For a deeper dive into which visuals are taking up the most time and resources, you can connect SQL Profiler to Power BI Desktop to get all full view of query performance.

Note

Power BI desktop supports connecting to a diagnostics port. The diagnostic port allows for other tools to connect to and perform traces for diagnostic purposes. Making any changes to the model is not supported! Changes to the model may lead to corruption and data loss.

Instructions as follows:   

  1. Install SQL Server Profiler and run Power BI Desktop

    SQL Server Profiler is available as part of SQL Server Management Studio.

  2. Determine the port being used by Power BI Desktop

    Run the command prompt or PowerShell with administrator privileges, and use netstat to find the port that Power BI Desktop is using for analysis:

    > netstat -b -n

    The output should be a list of applications and their open ports, for example:  

    TCP    [::1]:55786            [::1]:55830            ESTABLISHED

    [msmdsrv.exe]

    Look for the port used by msmdsrv.exe, and write it for later use. In this case, you use port 55786.

  3. Connect SQL Server Profiler to Power BI Desktop

    • Start SQL Server Profiler from the Start menu
    • File > New Trace
    • Server Type: Analysis Services
    • Server name: localhost:[port number found above]
    • At the next screen, select Run
    • Now the SQL Profiler is live, and actively profiling the queries that Power BI Desktop is sending. 
    • As queries are executed, you can see their respective durations and CPU times – using this information, you can determine which queries are the bottlenecks.  

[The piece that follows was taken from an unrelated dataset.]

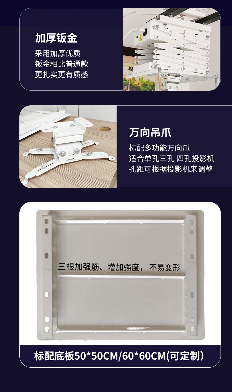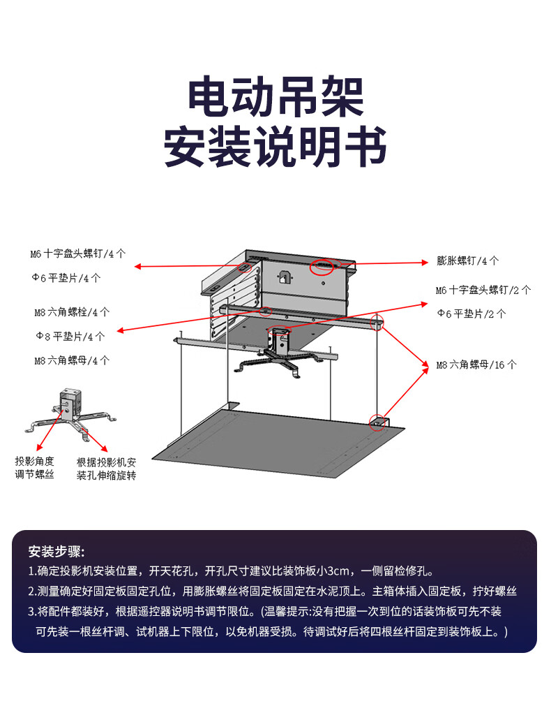 箱体、丝杆*4、底板、遥控器、投影机头爪、适配螺丝

Through the SQL Profiler, you can identify the queries, which are taking up the longest CPU time, which in turn are likely the performance bottlenecks. The visuals, which execute those queries should be a focal point of continued optimization.

Gateway best practices

The On-premises data gateway is a great tool for connecting the Power BI service with your on-premises data. At the same time, with poor planning, it can also become a bottleneck for report performance. This is especially true for DirectQuery/live connection datasets, where all queries and query responses pass through the gateway. The following are some best practices for ensuring highly performant gateways: 

  • Use the Enterprise mode, as opposed to the personal mode.
  • Recommended hardware specs for the gateway – eight CPU cores, 16-GB RAM.
  • Set up monitoring – set up performance monitoring on the gateway machine understand whether the gateway is becoming overloaded and becoming a bottleneck. For more information, see Troubleshooting the On-premises data gateway.
  • Scale up or scale out – if the gateway is indeed becoming a bottleneck, then consider scaling up (that is, moving the gateway to a more powerful machine with more CPU and RAM) or scaling out (for example, splitting out datasets onto different gateways). 
  • Separate import vs. DirectQuery – if scaling out, consider separating the gateways responsible for import vs. those responsible for DirectQuery.

Network latency

Network latency can impact report performance by increasing the time required for requests to reach the Power BI service, and for responses to be delivered. Tenants in Power BI are assigned a specific region. You can view your tenant’s “home” region by navigating to powerbi.com, selecting?** in the top right and then About Power BI. When users from a tenant access the Power BI service, their requests are always routed to this region. Once the requests reach the Power BI service, the service may then send additional requests – for example, to the underlying data source or the gateway – which are also subject to network latency.

Tools such as Azure Speed Test can provide an indication of network latency between the client and the Azure region. In general, to minimize the impact of network latency, strive to keep data sources, gateways, and your Power BI cluster as close as possible. If network latency is an issue, you can try locating gateways and data sources closer to your Power BI cluster by placing them on virtual machines.

To further improve network latency, consider using Azure ExpressRoute, which is able of creating faster, more reliable network connections between your clients and Azure datacenters.